Evaluation of the efficacy and safety of bempedoic acid in women and men: Pooled analyses from phase 3 trials.

BACKGROUND AND AIMS: Sex-specific differences in the response to lipid-lowering therapies have been reported. Here, we assessed the effect of bempedoic acid in women and men using pooled, patient-level data from four phase 3 clinical trials of bempedoic acid. METHODS: Patients were grouped into two pools: 1) atherosclerotic cardiovascular disease (ASCVD) and/or heterozygous familial hypercholesterolemia (HeFH) "on statins" and 2) "low-dose or no statin". Percent changes from baseline to at least week 12 in low-density lipoprotein cholesterol (LDL-C), non-high-density lipoprotein cholesterol (non-HDL-C), total cholesterol (TC), apolipoprotein B (Apo B), and high-sensitivity C-reactive protein (hsCRP), as well as safety, were analyzed by statin pool and sex. RESULTS: Overall, 3623 patients were included (bempedoic acid, 2425; placebo, 1198). Significant reductions in lipid parameters and hsCRP were observed with bempedoic acid vs. placebo in both sexes in the ASCVD and/or HeFH on statins (n = 3009) and the low-dose or no statin (n = 614) pools (p ≤ 0.002). Compared with men, women had significantly greater placebo-corrected reductions in LDL-C (-21.2% vs. -17.4%; p = 0.044), non-HDL-C (-17.3% vs. -12.1%; p = 0.003), TC (-13.8% vs. -10.5%; p = 0.012), and Apo B (-16.0% vs. -11.3%; p = 0.004) in the ASCVD and/or HeFH on statins pool.
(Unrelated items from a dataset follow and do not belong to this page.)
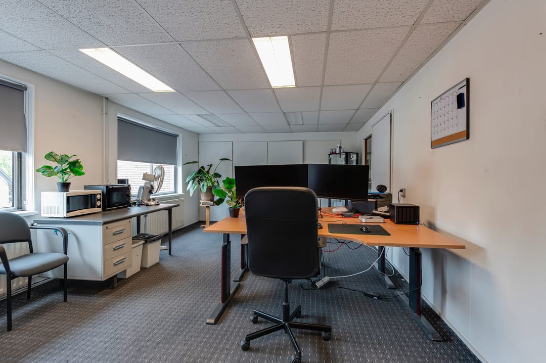 Aangrenzend aan de (voormalige) winkelruimte en aan de Krugerstraat ligt het bedrijfsverzamelgebouw. Het bedrijfsverzamelgebouw is ingedeeld met een (voormalige) kapsalon van circa 36 m2 op de begane grond, 4 separate kantoorruimten van totaal circa 73m2 op de eerste verdieping, een garagebox en overige bedrijfs-/opslagruimte van circa 135 m2 op begane grond en 100 m2 op de eerste verdieping.
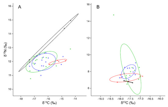 3.5. Deriving Diet Shifts from Stable Isotopes
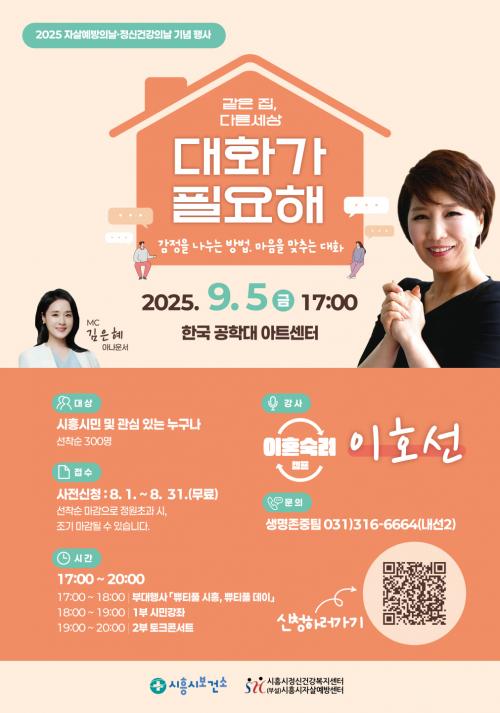 [½Åµ¿¾Æ¹æ¼Û ½ÃÈï½Ã=À̽ŵ¿±âÀÚ] ½ÃÈï½Ã´Â 2025³â Àڻ쿹¹æ¤ýÁ¤½Å°Ç°­Àdz¯À» ¸Â¾Æ ¿À´Â 9¿ù 5ÀÏ ¿ÀÈÄ 5½Ã, Çѱ¹°øÇдëÇб³ ¾ÆÆ®¼¾ÅÍ¿¡¼­ ½Ã¹Î°ú ÇÔ²²ÇÏ´Â ±â³äÇà»ç¸¦ °³ÃÖÇÑ´Ù. ¡®Àڻ쿹¹æÀÇ ³¯(9¿ù 10ÀÏ)¡¯°ú ¡®Á¤½Å°Ç°­ÀÇ ³¯(10¿ù 10ÀÏ)¡¯Àº °¢°¢ ¼¼°èº¸°Ç±â±¸(WHO¡¦
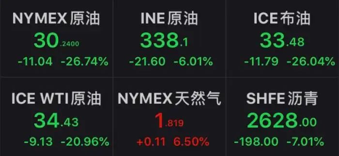 9日,国际石油价格暴跌,一度跌超30%,刷新历史最大单日盘中跌幅。NYMEX原油期货收跌26.74%,报30.24美元/桶,创2016年2月以来新低;布伦特原油期货跌26.24%报33.39美元/桶,双双创1991年海湾战争以来最大单日跌幅。
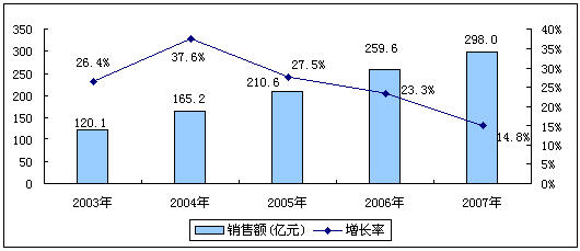 圖1 2003-2007年中國電源管理芯片市場規模及增長
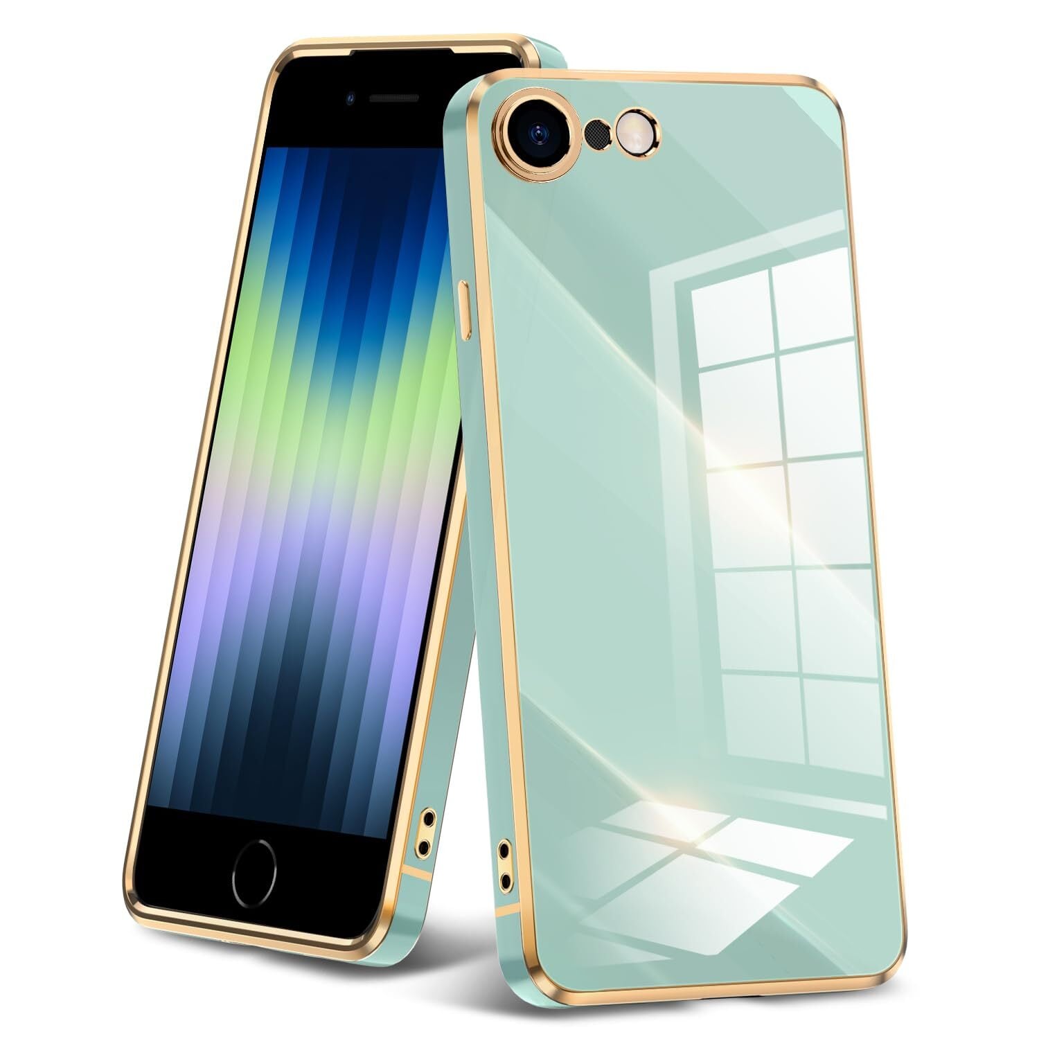 iPhone SE3 ケース iPhone SE ケース 第2世代 iPhone8 ケース iPhone7 ケース クリア 耐衝撃 TPU ケース レンズ保護 ソフトケース 透明 メッキ加工 ワイヤレス充電 アイフォンSE3/SE2/8/7 カバー ストラップホール付き 薄型 軽量 メッキ枠 グリーン/ゴールド JP2-70
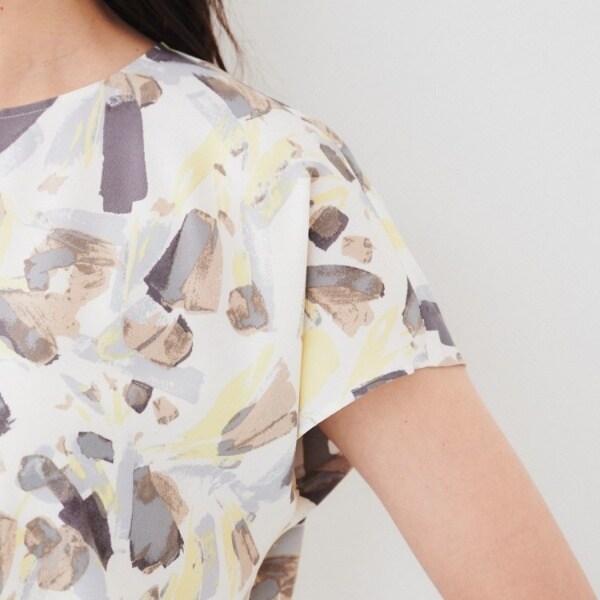 大胆なペイントパターンのプリントが目を惹くブラウス。
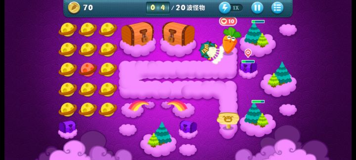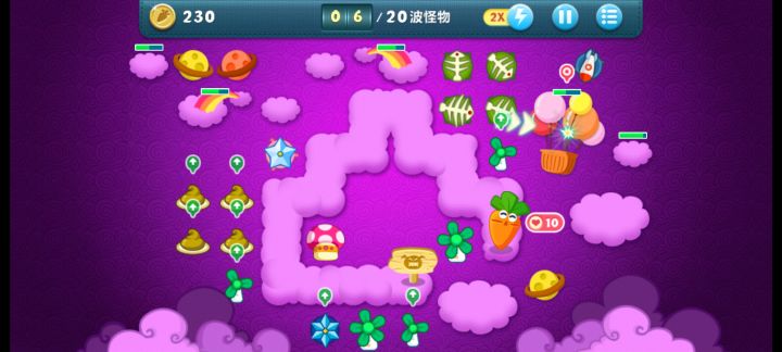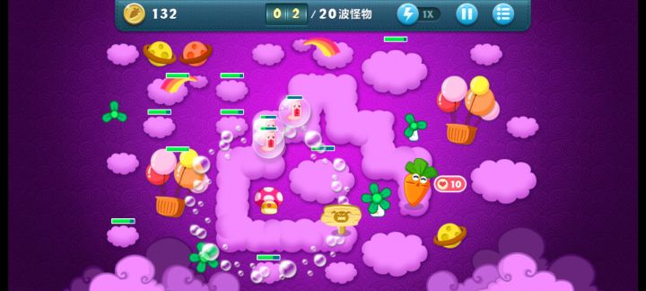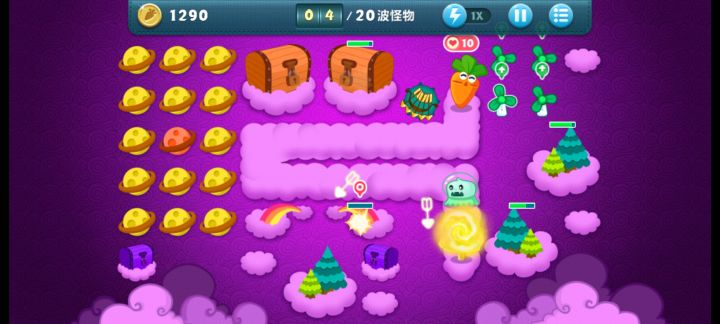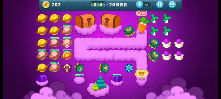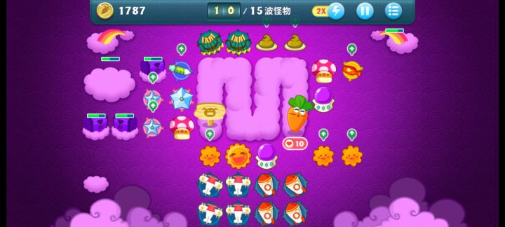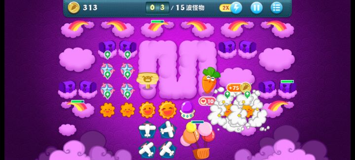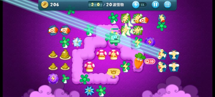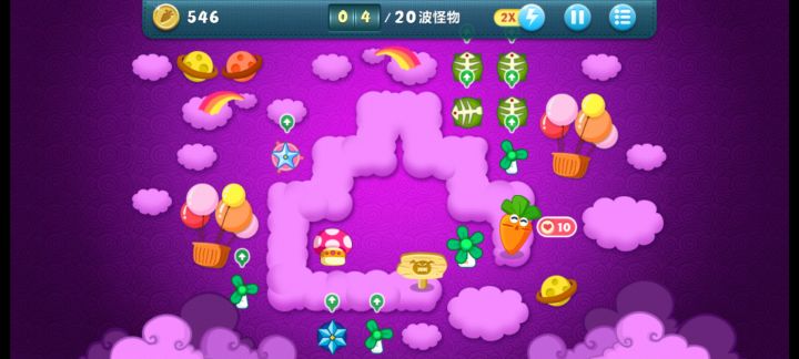 终极挑战36关,道具全清,无伤全过。这关挺简单的,一次就过了。先满级风车打下面中间的云,能顺便清怪,后面再补一个风车补漏的怪。把前面冰霜打出来。下面大云有四个蘑菇我不知道,所以我自己先种了三个,感觉这四个也没什么用,范围太小了可以卖掉。主升火箭,鱼刺,冰星,角落补风车,飞机可以后面再升两个顶级的。记得补顶级宝石。

Women had similar reductions to men in lipid parameters in the low-dose or no statin pool and hsCRP in both pools. The safety of bempedoic acid was comparable between sexes. CONCLUSIONS: In this pooled analysis, women experienced significant improvements in levels of LDL-C and other lipid parameters with bempedoic acid.